Joaquín Mosqueira

Personal information
- Full name: Joaquín Elias Mosqueira
- Date of birth: 11 January 2004 (age 22)
- Place of birth: Rosario
- Position: Midfielder

Team information
- Current team: Unión Santa Fe (on loan from Talleres de Córdoba)
- Number: 17

Youth career
- 0000–2019: Newell's Old Boys
- 2019: Coronel Arnold
- 2020: Atlético Pujato
- 2021: Club Renato Cesarini
- 2022-2023: Unión

Senior career*
- Years: Team / Apps / (Gls)
- 2023–2025: Unión / 59 / (4)
- 2025–: Talleres / 20 / (0)
- 2026: → Tigre (loan) / 6 / (0)
- 2026–: → Unión Santa Fe (loan) / 1 / (0)

= Joaquín Mosqueira =

Argentine association football player (born 2004)

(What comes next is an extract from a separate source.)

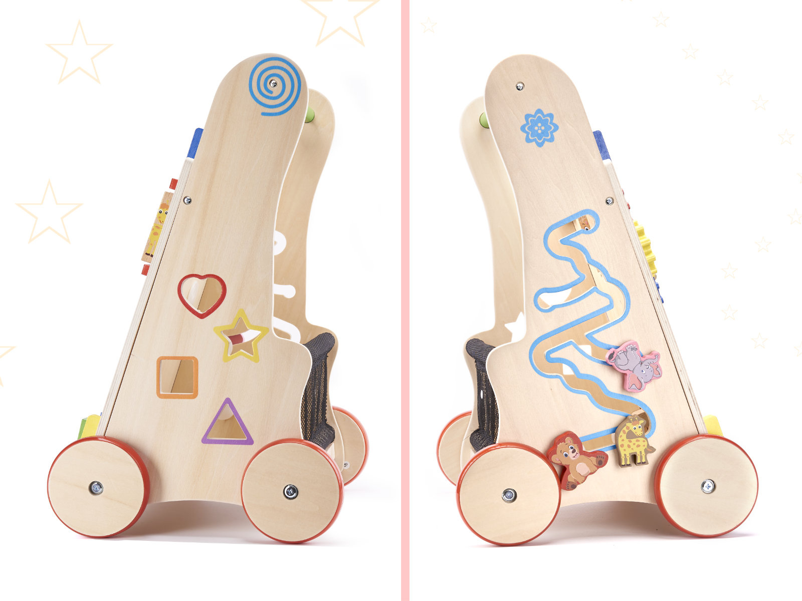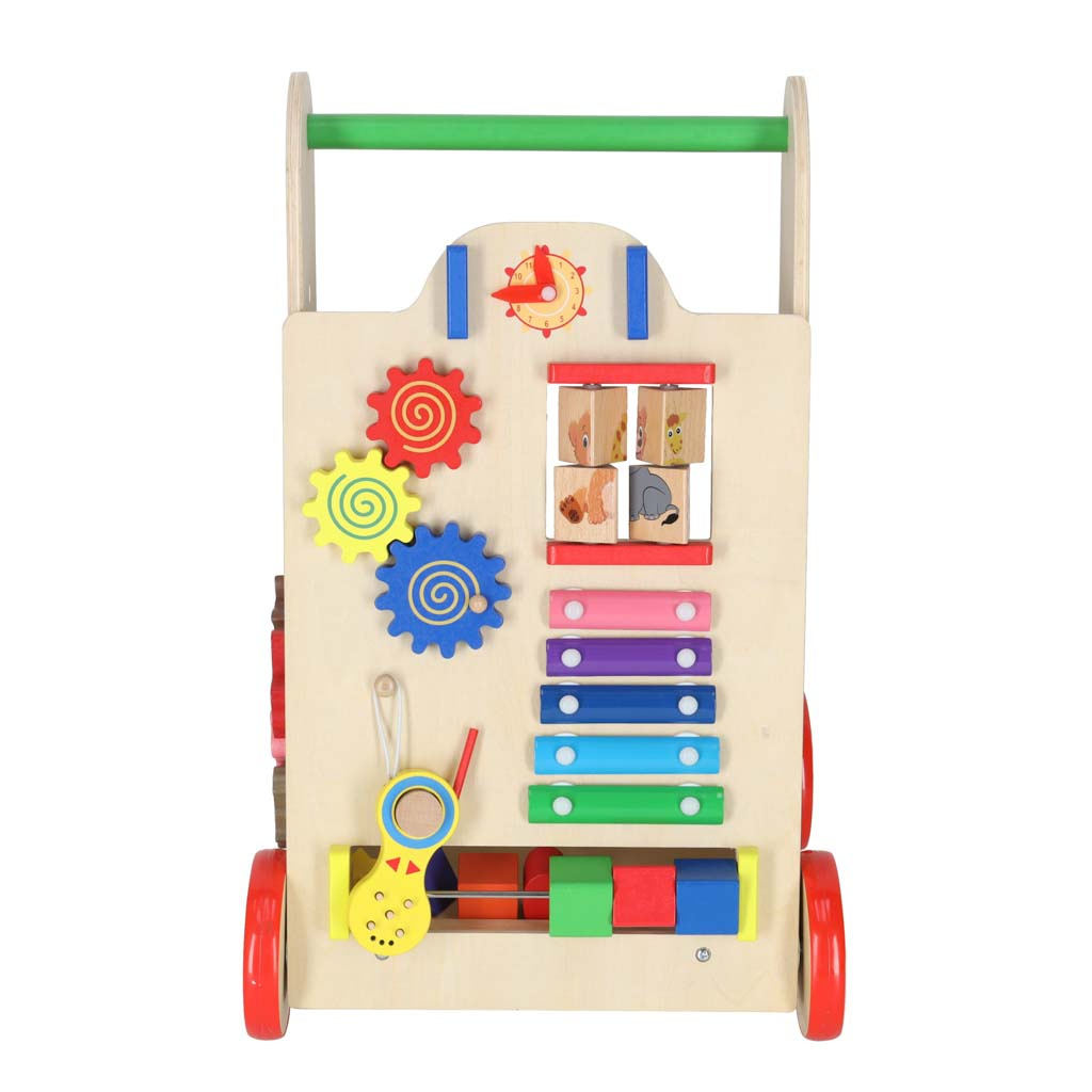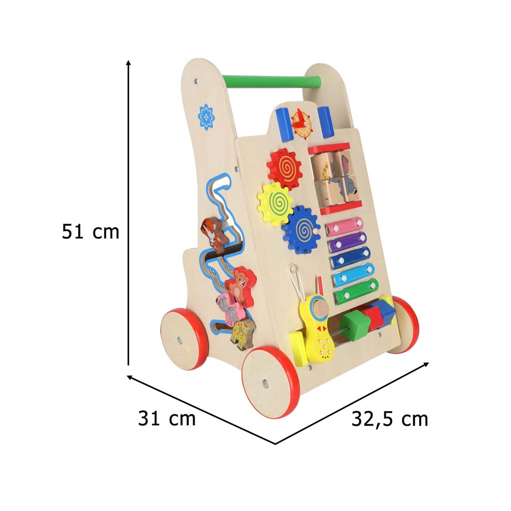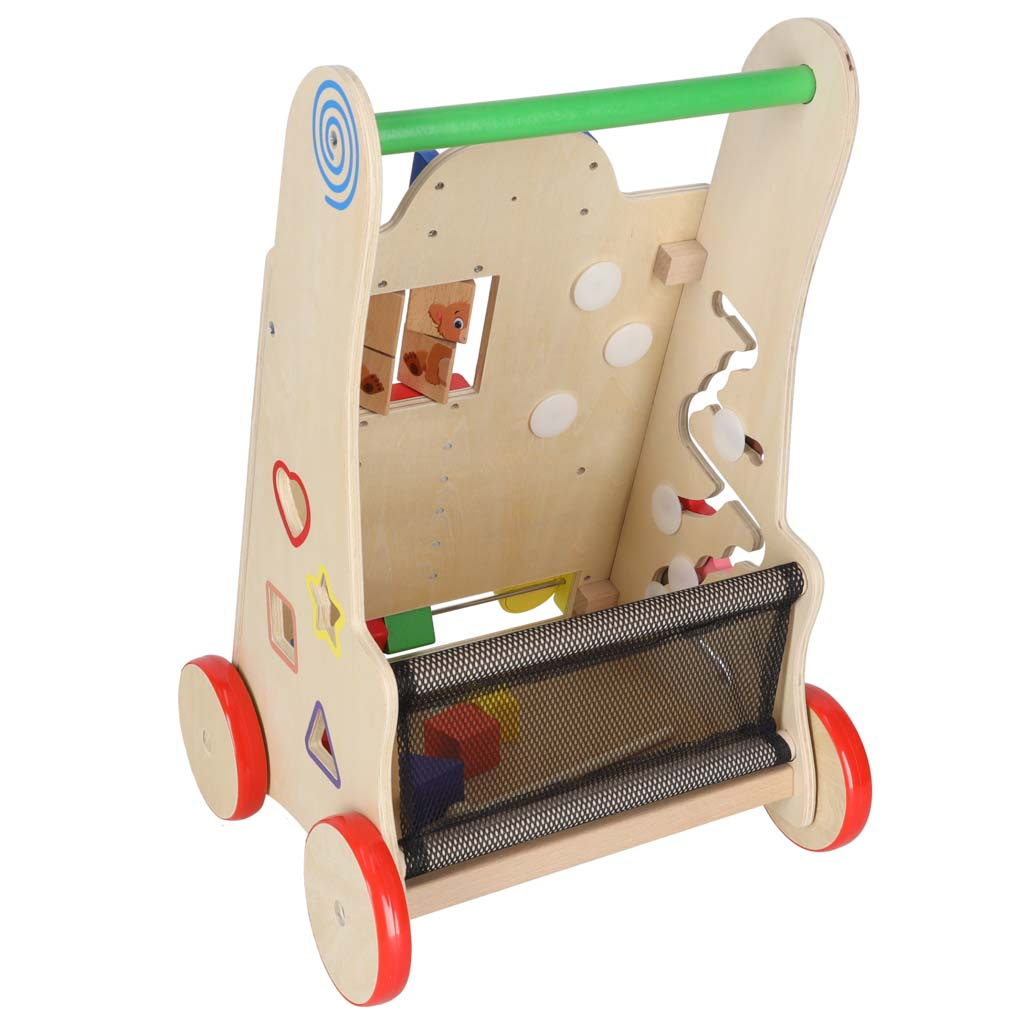 La o vârstă mai înaintată, va fi util și ca un cărucior pentru jucăriile preferate și primul abac.Mersul cu un premergător ajută copilul mic să-și mențină echilibrul în timp ce învață să meargă. Sprijină dezvoltarea abilităților manuale și dezvoltă motricitatea întregului corp. Premergătorul va încuraja copilul dumneavoastră să fie activ fizic.Mersul nostru este un sprijin stabil pentru un copil mic care învață să meargă. Copilului nu i se va reuși să o răstoarne. Roțile din lemn sunt protejate cu un strat de cauciuc antiderapant.Design estetic, culori vibrante, atenție la detalii - un însoțitor plăcut și sigur pentru copilul dumneavoastră.Această bicicletă fără pedale va fi pe placul părinților care caută accesorii ecologice pentru copilul lor. Jucăriile din lemn sunt o alegere excelentă!Nu este doar un cadru de mers! Dezvoltatorii s-au asigurat că jocul oferă distracție copiilor mici în multe feluri. Pe partea din față este amplasată o placă de manipulare plină de elemente care vor încânta copiii: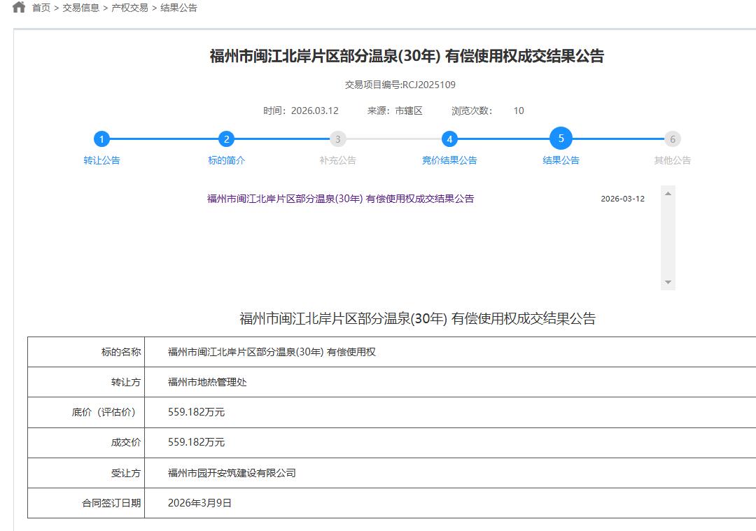 福州市园开安筑建设有限公司以底价559.182万元,拿下福州市闽江北岸片区部分温泉(30年) 有偿使用权。转让方为福州市地热管理处,合同签订日期为2026年3月9日。

Joaquín Elias Mosqueira (born 11 January 2004) is an Argentine professional footballer who plays as a midfielder for Argentine Primera Division club Unión Santa Fe, on loan from Talleres de Córdoba.

==Career==
From Rosario, he was a youth player at Newell's Old Boys. In 2019 he went to Coronel Arnold, and then trained with Atlético Pujato, and Club Renato Cesarini, before he joined Unión de Santa Fe in 2022. He played for their reserve team prior to making his debut for the first-team in 2023. That year, he signed a professional contract with the club taking him to 2025 with the club. His form in the Argentine Primera División for Unión, led him to being labelled a "revelation". He later signed a one-year contract extension and had made 59 appearances and scored four goals for the club in two seasons by December 2024.

He joined Talleres in January 2025 agreeing a four-year contract.